→ **Material shown**:
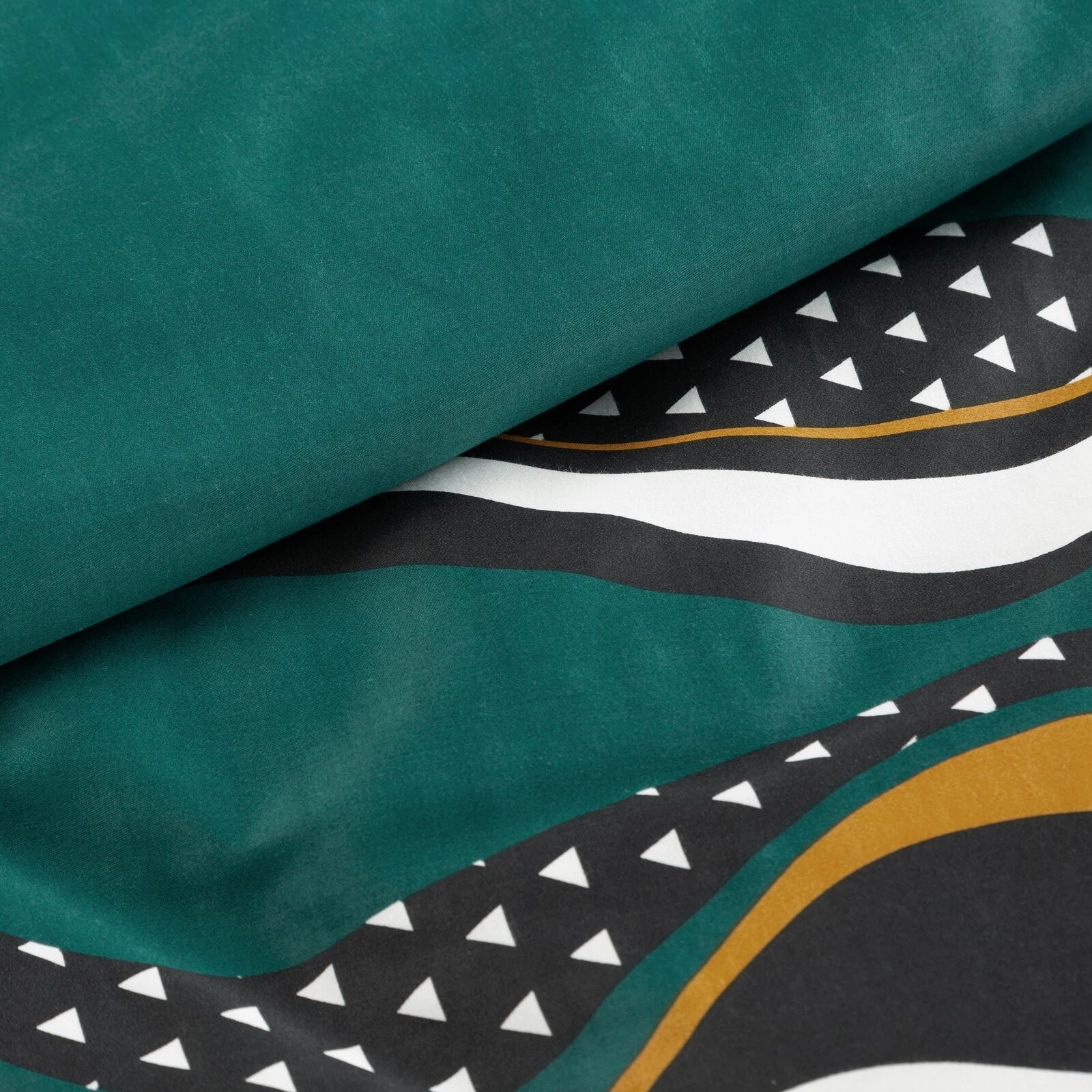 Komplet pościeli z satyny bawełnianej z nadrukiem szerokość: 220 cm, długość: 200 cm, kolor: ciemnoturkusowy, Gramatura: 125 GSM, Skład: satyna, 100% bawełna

==

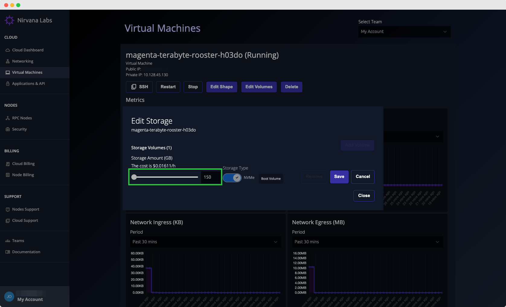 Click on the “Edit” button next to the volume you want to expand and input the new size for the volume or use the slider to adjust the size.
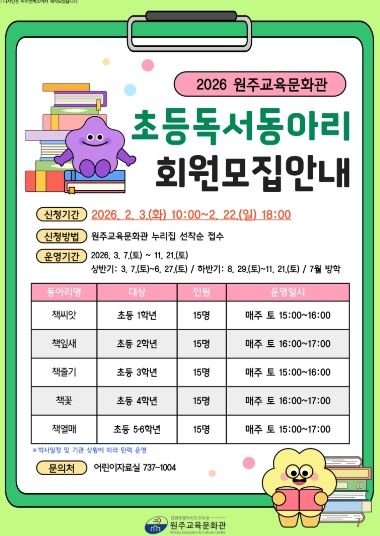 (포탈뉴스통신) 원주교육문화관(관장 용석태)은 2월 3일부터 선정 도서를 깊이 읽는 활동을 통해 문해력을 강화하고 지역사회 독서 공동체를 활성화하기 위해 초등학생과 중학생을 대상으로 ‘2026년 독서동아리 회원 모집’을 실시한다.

→ **Work instructions**: Starting at the line with "Click on the" in the entries above, write out every line exactly until the line with "(포탈뉴스통신) 원주교육문화관(관장 용석태)은" has been written. Include no pictures and nothing more.

→ **Solution for this problem**:
 Click on the “Edit” button next to the volume you want to expand and input the new size for the volume or use the slider to adjust the size.
 (포탈뉴스통신) 원주교육문화관(관장 용석태)은 2월 3일부터 선정 도서를 깊이 읽는 활동을 통해 문해력을 강화하고 지역사회 독서 공동체를 활성화하기 위해 초등학생과 중학생을 대상으로 ‘2026년 독서동아리 회원 모집’을 실시한다.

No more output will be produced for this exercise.